To meet and exceed the standards set by your client (if you’re an outside contractor servicing a building) or your supervisor (if you’re an in-house facility manager), you may have to collaborate with outside contractors, make tough decisions regarding your employees, and work with shrinking operational costs. When you decide upon your budget, you must ensure that the quality of work doesn’t suffer, and that you have everything you need to do the best job possible.
According to those in the cleaning industry, the biggest challenge faced by in-house facility managers is contending with lower budgets, while still maintaining standards. In fact, according to Cleaning and Maintenance Management’s 2015 In-House/Facility Management Benchmarking Survey, 90 percent of respondents said reducing overall cleaning and maintenance costs was important to their facility or organization in some capacity.

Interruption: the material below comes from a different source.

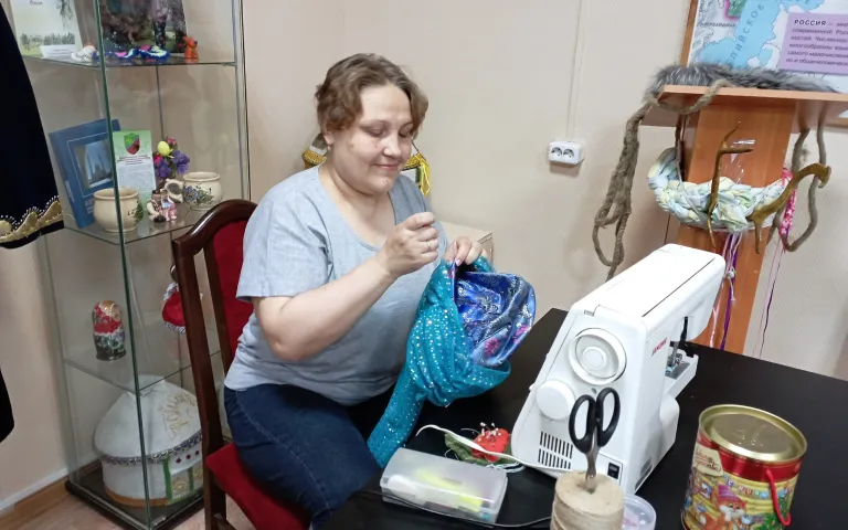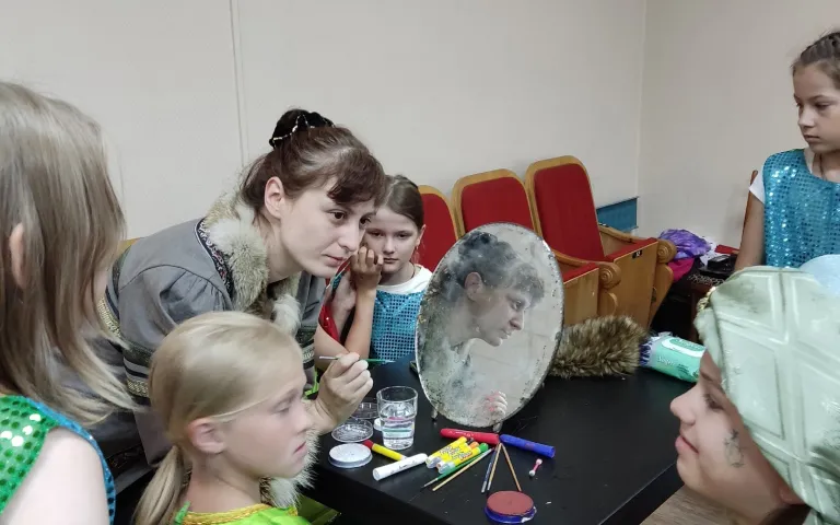 В комнате для репетиций на столе стояли – предметы, необходимые актёрам по ходу действия спектакля. Это реквизит, который в течение часа переходил из рук в руки на репетициях. А вот в пошивочный цех, где ставили чум и сшивали «шкуры»- можно было только посмотреть, так как времени на пошив костюмов совсем не осталось. Нисколько не расстроились «актёры», так как впереди ещё много у них творчества и позитива!

“There continues to be a cost-cutting focus in this industry,” said Anthony F. Maione, vice president of Core Management Services. “There is a tremendous amount of pressure when budgeting, which puts in-house facility managers in a financial squeeze. They are constantly tasked with figuring out how to continue to produce successful outcomes for stagnant or decreasing budgets.”
Sharon L. Cowan, a certified building service executive (CBSE) and owner of Cleaning Business Consulting Group, stressed a similar point. “They must increase productivity in employees, while often times not increasing wages,” she said. “They must keep on top of every trend and new process in the industry to keep their crews efficient and productive, while staying motivated.”
If you’re an in-house facility manager and having a difficult time coming up with your budget, or want to know how to make the budgeting process better, the following advice from cleaning industry experts may help.
Look at Your History
Whether you’re looking to create your general budget, or trying to figure out how much money to set aside for special projects, you should study your facility’s history.
Mike Koenig, vice president of sales and marketing at TMA Systems, LLC, said management software can help in-house facility managers more accurately predict costs. “You can trend your unexpected costs from prior years. You have the ability to see what your future capital planning needs will be moving forward in order to maintain your facilities at a certain level.”
Some maintenance management systems can allow in-house facility managers to plug in all their past and present information, and then predict funding for the next one, two, five, or even 10 years.
By investing in management software, an in-house facility manager may be able to make intelligent decisions and back up a budget with solid data; this can also help building service contractors (BSC) provide data to clients if they request the information to help with budgeting.
Reevaluate Your Cleaning Procedures
After you’ve recorded your history and processes into your computer, you can start to reevaluate how you perform duties and arrive at your numbers.
“The first step for obtaining the right number is to do an inventory of the space you’re responsible for maintaining,” said Jim Peduto, Esq., CBSE, co-founder of the American Institute for Cleaning Sciences (AICS). “You want to look at all the particulars that relate to that space, including flooring, square footage, and types of rooms,” he said. “Step two is to develop a list of tasks for that space and frequencies of the tasks [associated with the space]. Then, apply production rates for each of the listed tasks. The fourth step is to arrive at labor hours required to do the work, and the fifth step is to compare labor hours to the budget you have.”
If you use software, it should calculate the labor estimates needed for any type of situation. For example, Koenig said, if you’re an in-house facility manager at a university and your boss wants you to increase the cleanliness from a two to a three, you can see how that would affect the bottom line. “Once our system is populated with cleaning matrices, you can go in and determine exactly what your impact will be for the labor to support those levels.”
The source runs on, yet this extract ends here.